On Fri, Sep 01, 2023 at 05:35:08AM +0200, Willy Tarreau wrote:
> On Fri, Sep 01, 2023 at 10:24:42AM +0700, Ammar Faizi wrote:
> > After thinking about this more, I think I'll drop the memcmp() patch
> > because it will prevent optimization when comparing a small value.
> >
> > For example, without __asm__:
> >
> > memcmp(var, "abcd", 4);
> >
> > may compile to:
> >
> > cmpl $0x64636261, %reg
> > ...something...
> >
> > But with __asm__, the compiler can't do that.

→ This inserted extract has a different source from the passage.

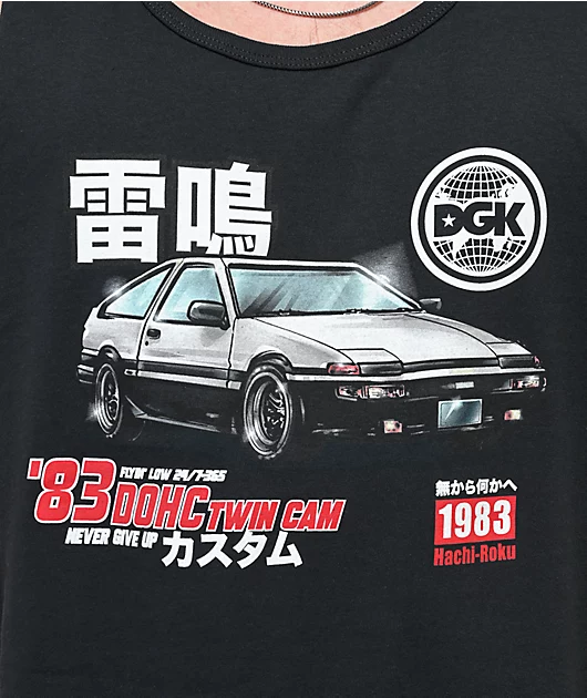 The Tuner tank top from DGK has a comfortable, relaxed fit and a lightweight, breathable cotton construction. It comes in an easily-pairable black colorway that’s outfitted with a screen-printed streetcar on the chest, and the car’s specifications on the

Thus, it's not worth
> > optimizing the memcmp() in this case.
>
> Ah you're totally right!

So, it turns out that such assumption is wrong. The compiler cannot
optimize the current memcmp() into that. I just posted a question on SO:

https://stackoverflow.com/questions/77020562/what-prevents-the-compiler-from-optimizing-a-hand-written-memcmp

Given:
```
bool test_data(void *data)
{
return memcmp(data, "abcd", 4) == 0;
}
```

The result when using default the <string.h> memcmp (good):
```
test_data:
cmpl $1684234849, (%rdi)
sete %al
ret
```

The result when using nolibc memcmp() (bad):
```
test_data:
cmpb $97, (%rdi)
jne .L5
cmpb $98, 1(%rdi)
jne .L5
cmpb $99, 2(%rdi)
jne .L5
cmpb $100, 3(%rdi)
sete %al
ret
.L5:
xorl %eax, %eax
ret
```

Link: https://godbolt.org/z/TT94r3bvf

This is because apart from the input length, the current nolibc
`memcmp()` must stop comparing the next byte if it finds a non-match
byte. Imagine what happens if we call:

```
char xstr[] = {'a', 'b', 'x'};
test_data(x);
```

In that case, the compiler may read past xstr if it uses a dword cmp, it
can also lead to segfault in particular circumstances using a dword cmp.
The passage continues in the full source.